To allay security concerns, banks must educate consumers about new mobile banking features
Banking is top of mind for smart device owners who are increasingly using mobile to accomplish the daily to-do list. Among a list of tasks performance marketing company Performics provided US smartphone and tablet users in October, the No. 1 activity people said they expected to be able to do on their mobile device was banking. The expectation of mobile banking functionality was more common across every age category than routine activities such as ordering food, checking public transportation and booking travel.
Banks are responding to this expectation by moving their mobile offerings beyond basic features. National banks have begun offering mobile remote check deposit, which allows customers to deposit checks using their smartphone cameras. Wells Fargo, for instance, has extended its mobile remote deposit app to the entirety of the US.
“The camera is critical. If you look at the kinds of growth in mobile banking over the first couple of years, it was about the basics of mobile banking. But what’s really exciting ... is figuring out how to take advantage of the ability of the mobile device,” said Wells Fargo senior vice president and head of the mobile retail channel Brian Pearce in an interview in January with American Banker.
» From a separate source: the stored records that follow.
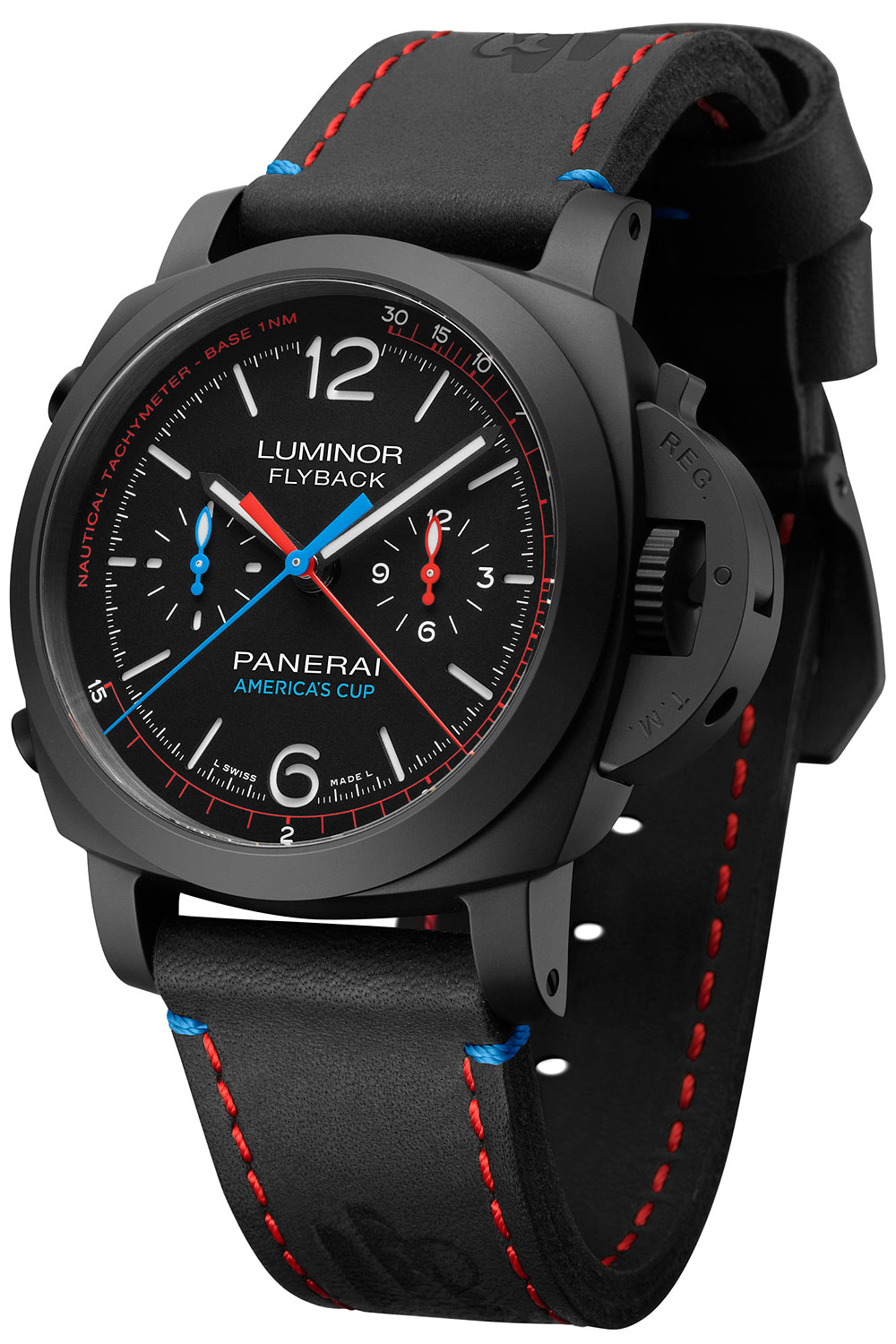 Panerai se une a Oracle Team USA y Softbank Team Japan y es el reloj oficial de la 35ª America’s Cup. Hay cinco relojes como Ediciones Especiales producidas en número limitado, con un movimiento suizo y el diseño italiano se han creado para la ocasión de la 35 ª Copa América. Panerai Luminor Marina 1950 America’s Cup 3 Días Automático Acciaio – 44mm, como el reloj oficial de la 35a America’s Cup. El Panerai Luminor Marina 1950 America’s Cup 3 Días automático (PAM00727) es el reloj oficial de la 35 ª edición de la competición deportiva más antigua del mundo moderno y su limitada a 300 piezas. Panerai Luminor 1950 ORACLE TEAM EE.UU. 3 Días Chrono Flyback Automático Ceramica – 44 mm, por supuesto es para Oracle Team USA. Y el Luminor 1950 Oracle Team USA 3 días Chrono Flyback Automatic (PAM00725) es un cronógrafo con la función flyback, que permite poner en movimiento las manos del cronógrafo móvil y reiniciarlas instantáneamente con una sola presión, sin necesidad de detenerla y moverla a cero.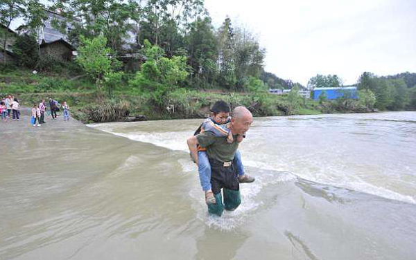 ایک طالب علم ژیانگ چونیانگ نے بتایا کہ ' جب جب دریا میں طغیانی آتی ہے انکل ہوا ہمیں کمر پر سوار کرکے اسکول پہنچاتے ہیں' بچے اس شخص کے نام سے واقف نہیں اور اسے دریا پار کرانے والا انکل کہتے ہیں۔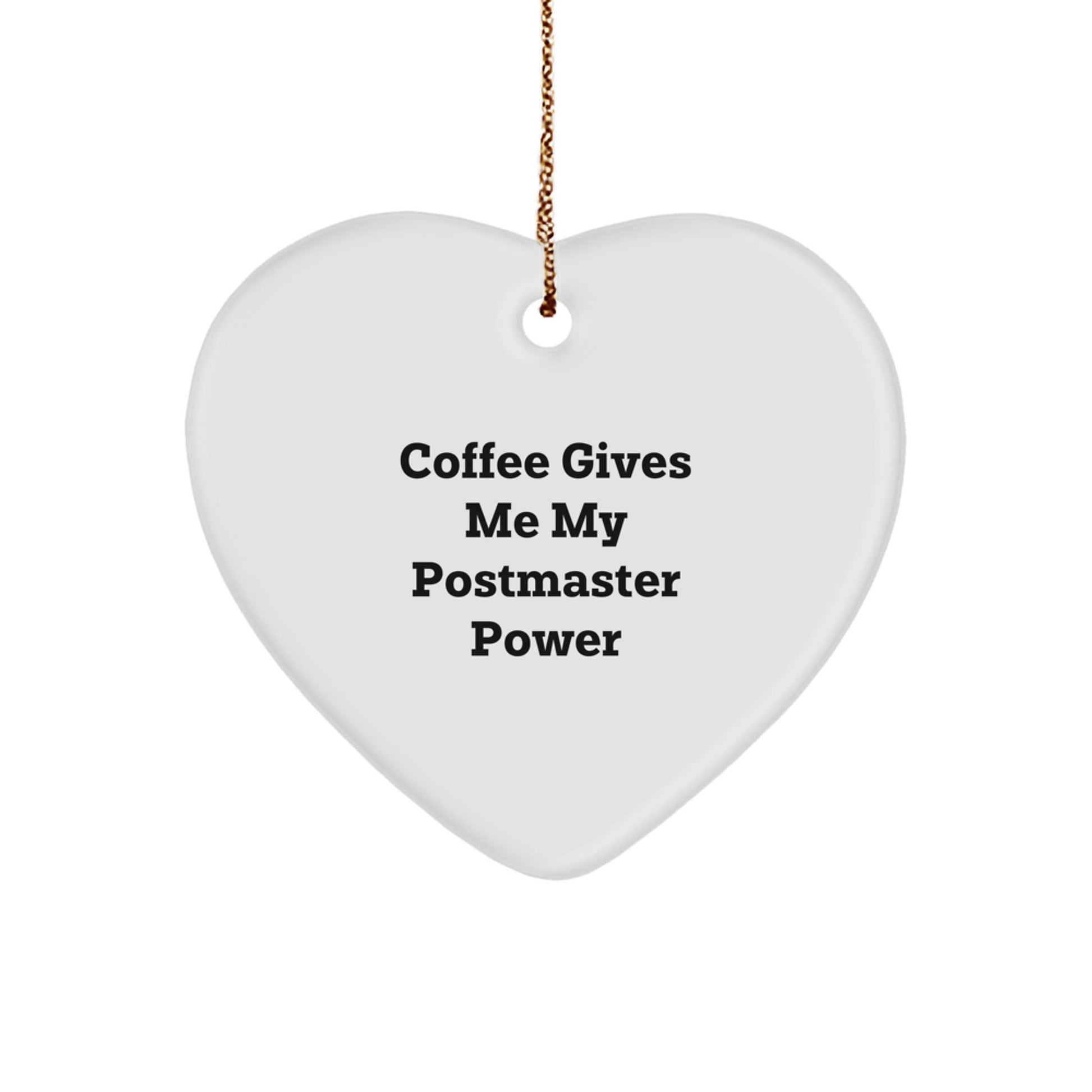 - Dale un toque de magia de Postmaster a tu decoración navideña con nuestro vibrante adorno de corazón, con la frase "El café me da mi poder de Postmaster" en colores vibrantes y brillantes. Perfecto para darle un toque personal a tu árbol de Navidad o repisa.

The Pew Internet & American Life Project found in September that mobile phone owners who used mobile banking were more likely to be younger, richer and more educated than other mobile users—all constituencies banks are desirous of courting.
Despite the obvious appeal of mobile services to an increasingly mobile-first population, there remain significant concerns, however—even among current mobile banking users—that more advanced mobile banking features are not safe to use. This is a perception banks must work to combat.
The mobile remote deposit feature offered by Wells Fargo and others was not immune—47% of US mobile banking users and 63% of nonusers said they would be hesitant to use a phone camera to deposit a check due to security concerns, according to a February survey by Infosys. It was among the top three features mobile banking users said they would be most hesitant to use.